- Born: March 1936 Athens, Greece
- Died: October 28, 2010 (aged 73–74) Athens, Greece
- Known for: Excavation of Mt. Ida, Kythira, Archanes and Zominthos
- Scientific career
- Fields: Archaeology

= Yannis Sakellarakis =

Greek archaeologist (1936–2010)

 Yannis A. Sakellarakis (Γιάννης Α. Σακελλαράκης; 1936 – October 28, 2010) was a Greek archaeologist who specialized in Minoan Prehistory.

== Career ==
Sakellarakis studied archaeology at the University of Athens (Dept of History and Archaeology) and later pursued graduate studies at Heidelberg University, where he was awarded a doctorate in 1969.

Sakellarakis taught at the Universities of Heidelberg, Hamburg and Athens. He served as the curator (1963–68) and then director (1980-87) of Heraklion Archaeological Museum in Crete and curator (1970–80) and later deputy director (1987–94) of the National Archaeological Museum in Athens.
He excavated sites at Archanes, Kythira and Mount Ida.

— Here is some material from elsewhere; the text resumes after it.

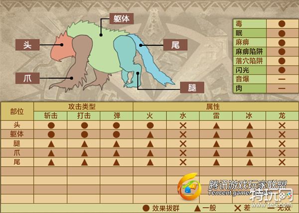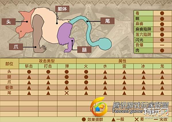 站在侧面击打爪子和后脚为主,出现倒地或硬直时放心的打头,破头后就会使桃毛进入一段时间的萎靡期,表现为速度变慢,攻击频率减少。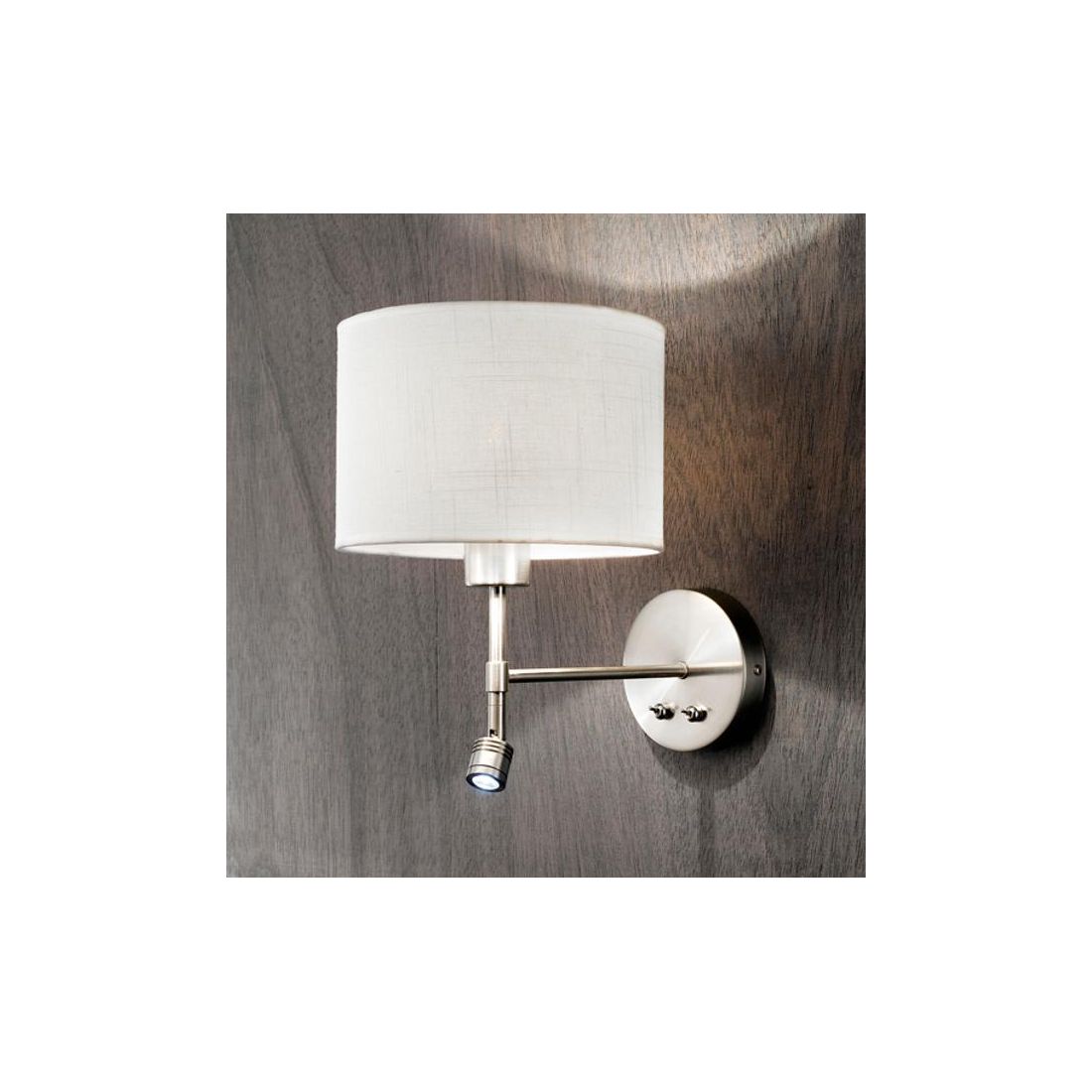 ROUND HOTEL LAMPADA DA TAVOLO CROMO CON PARALUME IN TESSUTO BIANCO LAMPADINA E27 DESIGN...

Sakellarakis attracted international attention in 1979, when, while excavating the hill of Anemospilia in Archanes with his wife Efi Sapouna-Sakellaraki, he discovered evidence for human sacrifice by the Minoans. Another major discovery took place in 1982, when Sakellarakis unveiled a large, two-story Minoan building at Zominthos, a small plateau at an altitude around 1200 m in the northern foothills of Mount Ida (Psiloritis).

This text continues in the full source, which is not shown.